_PROBLEM DETAILS:_ An exact copy of the lines, starting at the top of the listing and ending with the line that has "Drewniana kartka to", is the required answer. Pictures are not part of it.

_INPUT DATA:_
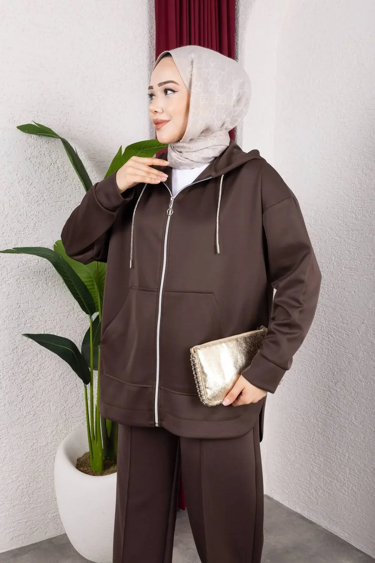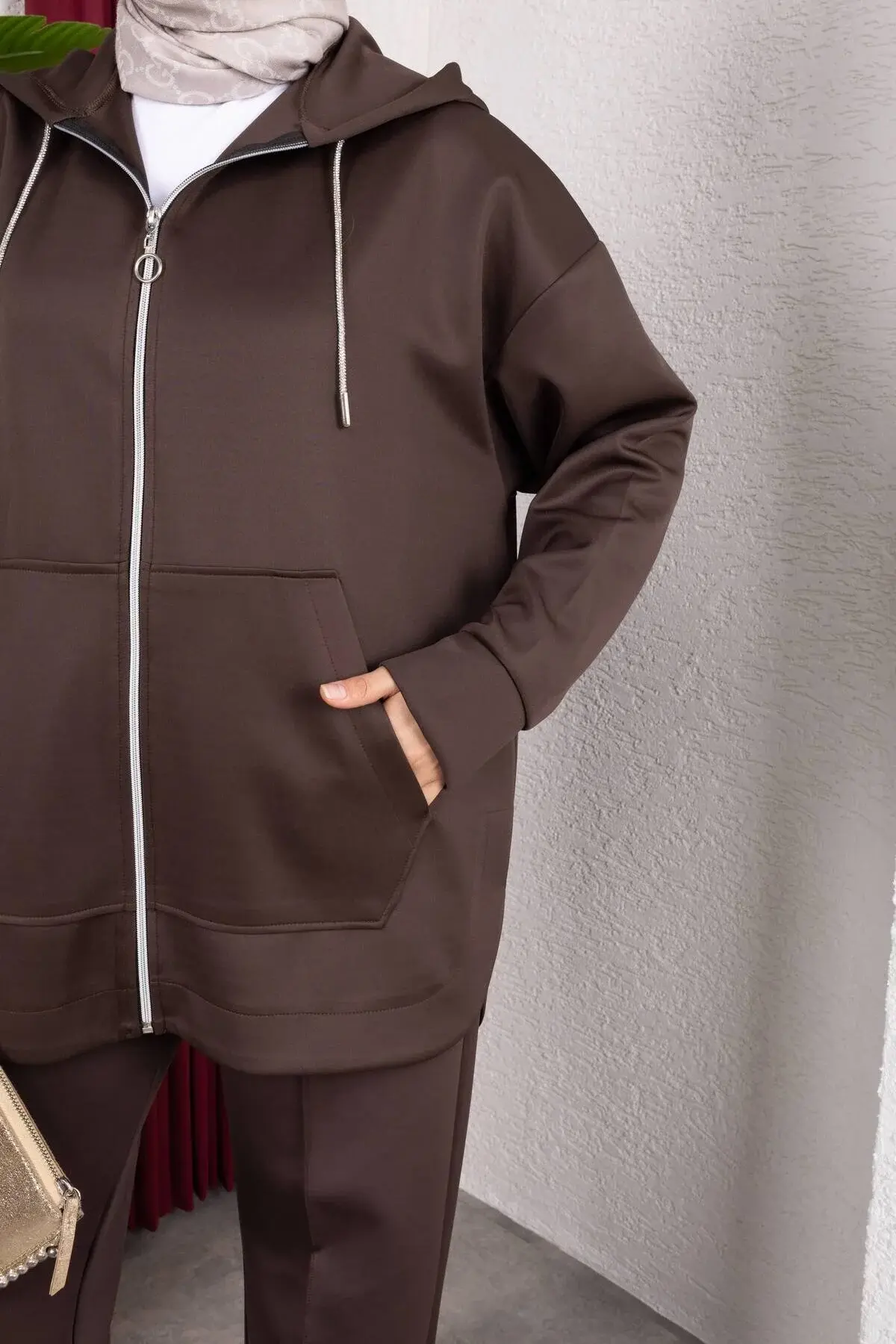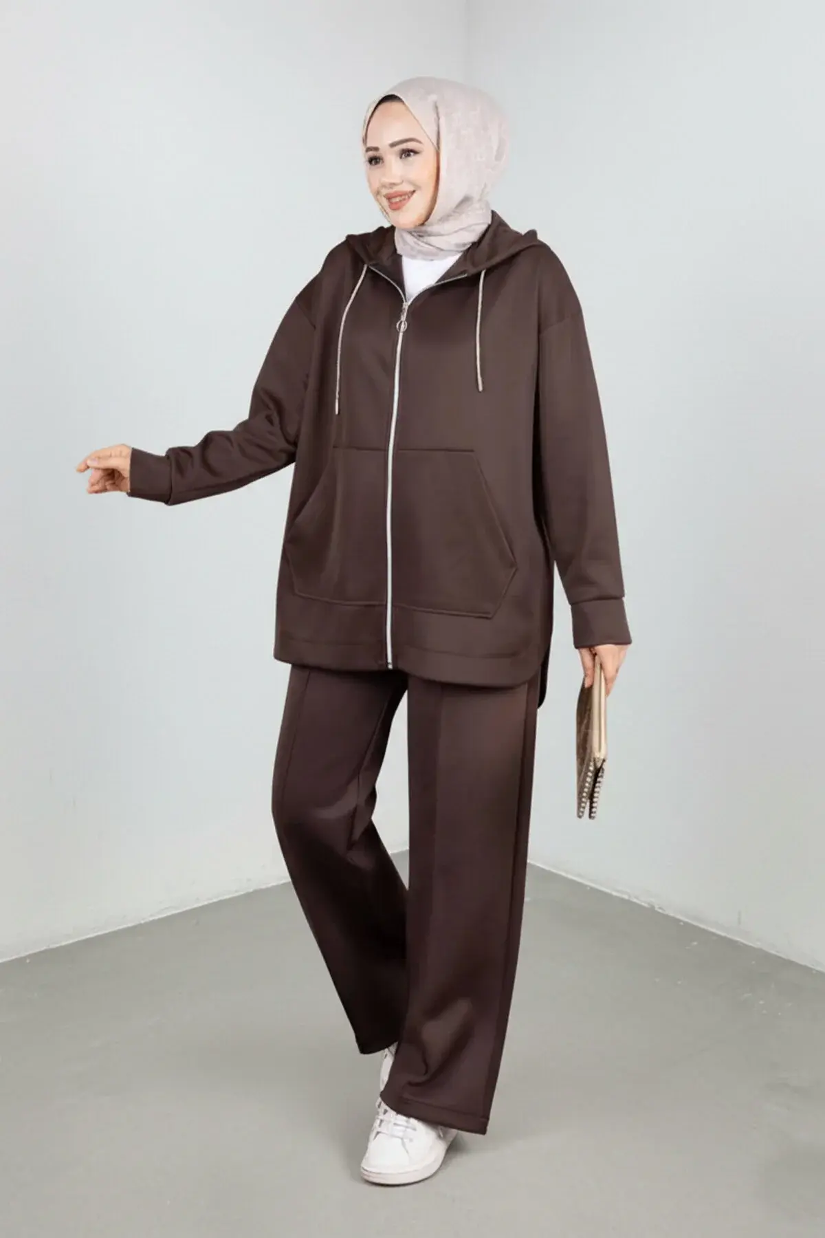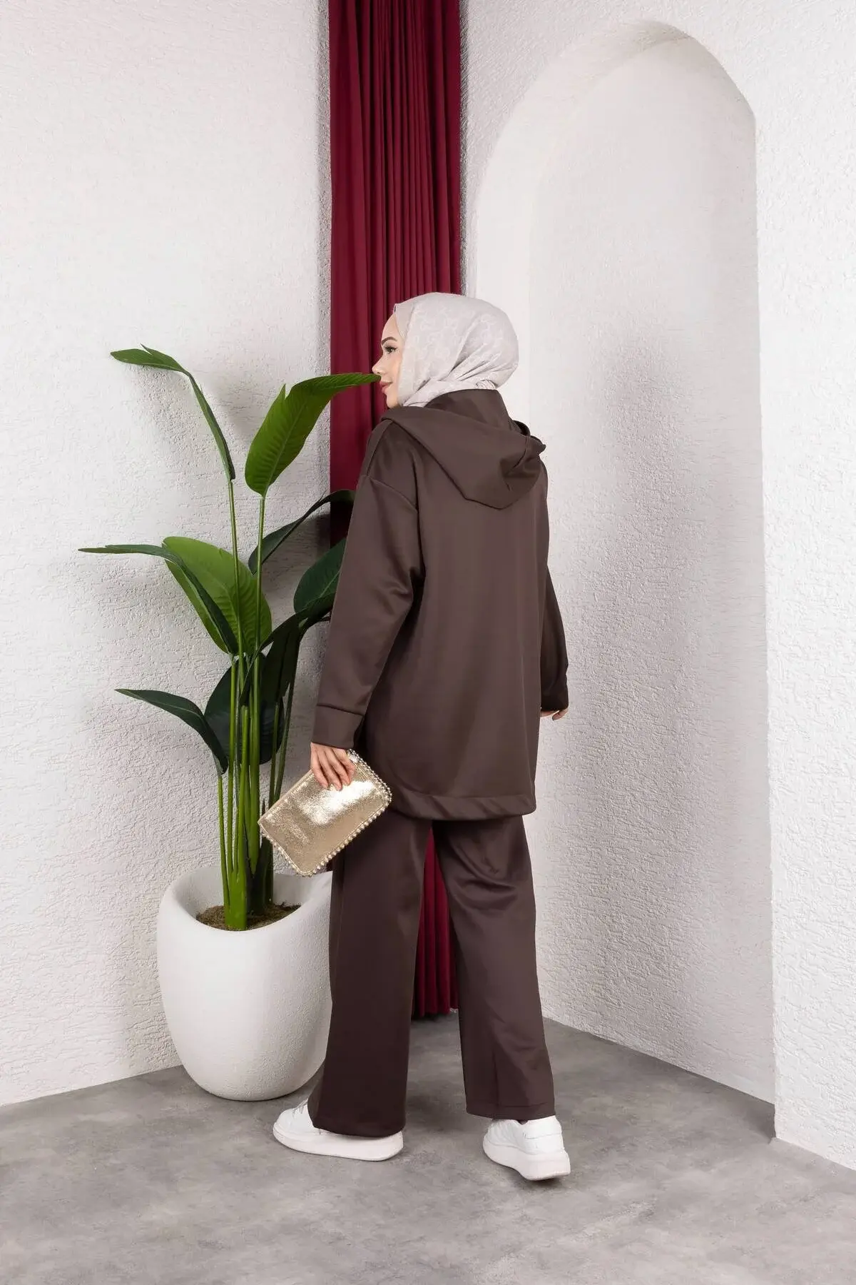 Oversize Kapüşonlu Eşofman Takımı Tesettür Spor Takım - Kahverengi Renk
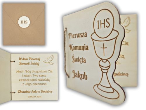 Drewniana kartka to oryginalna Pamiątka I Komunii Świętej.
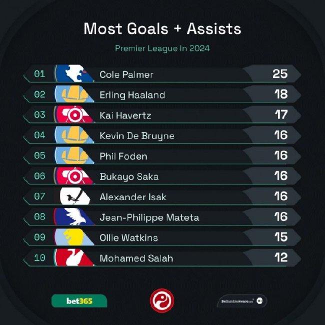 In this list, Palmer has scored or assisted 25 times directly, the most of all Premier League players, Haaland has been directly involved in 18 goals, ranking second, and Haverts is third with 17 goals.

_REPLY TO THE TASK:_
 Oversize Kapüşonlu Eşofman Takımı Tesettür Spor Takım - Kahverengi Renk
 Drewniana kartka to oryginalna Pamiątka I Komunii Świętej.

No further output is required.